I started using OneSwarm shortly after release yesterday and have been evangelizing and trying to build a sizable mesh. During this, I've noticed a few issues which I think you should be made aware of. Some of them may qualify as bugs, some may be known issues that don't have ready solutions.
1. Hashing performance
The data shares I set in my watch list upon installation total 1959GB. While I didn't expect it to has quickly, after 24 hours had passed hashing still had not been completed when running on a system with quad core processor running at 3.6GHz with 8GB of RAM. It appears to me that hashing performance is CPU bound and could be significantly improved by threading the hashing operation so that multi-core CPUs could be properly utilized.

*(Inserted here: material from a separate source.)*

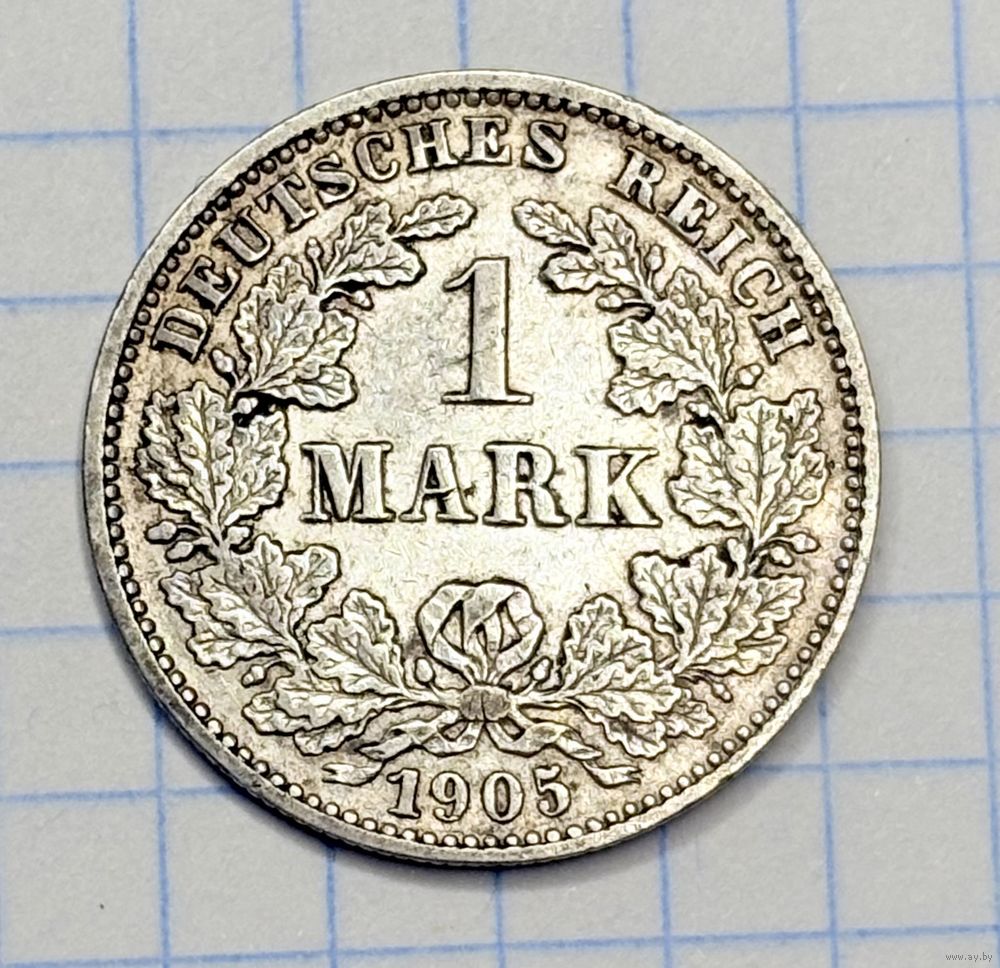 С 1 РУБЛЯ! МОНЕТА 1 МАРКА 1905 ГОДА СЕРЕБРО ГЕРМАНСКАЯ ИМПЕРИЯ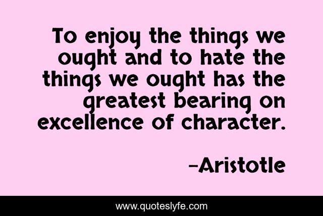 This page presents the quote "To enjoy the things we ought and to hate the things we ought has the greatest bearing on excellence of character.". Author of this quote is Aristotle. This quote is about character, personality,.

2. As a corollary to the first issue, hashing randomly stops after some time. Exiting OneSwarm and restarting causes hashing to begin again without issue, but this recurs several times. I believe this may related to performance issues with hashing and perhaps performance with internal data structures used to store information about the swarms.
3. Remote Interface
Requests to the remote interface don't take precedence in the application over using outgoing bandwidth for transferring data. This is a flaw, because if you are not throttling outgoing bandwidth (and you shouldn't have to) you are unable to remotely control the application to change any settings regarding bandwidth usage or anything else. It simply times out, even if the host has reasonable pings (I was able to ping from an outside line at average of 30ms but could not connect to the remote interface). For the moment the workaround has been to implement QoS internally on my network and to give precedence for HTTPS traffic going to the IP of the box running OneSwarm, this seems to have alleviated the issue.
4. Scalability
As more nodes/friends are added to my mesh and I add more data to my shares, performance issues and general issues become more frequent and more likely to be catastrophic, requiring me to restart OneSwarm for everything to work properly once again. I've received errors about tracker failure after I had more than 3000 swarms loaded, and as mentioned before severe performance issues with hashing. As more nodes are added, it can't seem to keep track of connection states either, sometimes seeing LAN nodes as disconnected, even though there is gobs of bandwidth available between them (2GbE on both nodes). Performing a Force Connect on LAN nodes that show as disconnected (when they should not be) does fix this issue, but it is troublesome.
5. Friend adding
I've seen multiple instances in which either the Gtalk or LAN friend adding doesn't work properly, or even after adding a friend (trying more than once even) it doesn't believe that the person accepted and keeps them grayed out. In all instances, however, it can be worked around by doing a manual key exchange and adding that way. These problems seem to occur more frequently with the more friends that you have added. In addition if a single user has multiple nodes on their network that are Internet accessible running OneSwarm, the Gtalk bot service appears to get severely confused if you try to connect to your Gtalk account on both. The workaround for the moment to make Gtalk adds work is to have a separate Gtalk account for each node internally, luckily this doesn't affect the LAN adding and doing a manual key exchange still works fine of course.
All in all, I'm quite optimistic about the future of OneSwarm and find it very interesting. It does seem to perform well under smaller loads and I understand that with the size of data that I'm sharing from the nodes and the type of setup I'm using is probably not what was conceived as the norm during development. Hopefully as the project matures some of the above items will be addressed, especially with better threading for the application which I believe may solve many of the scalability issues.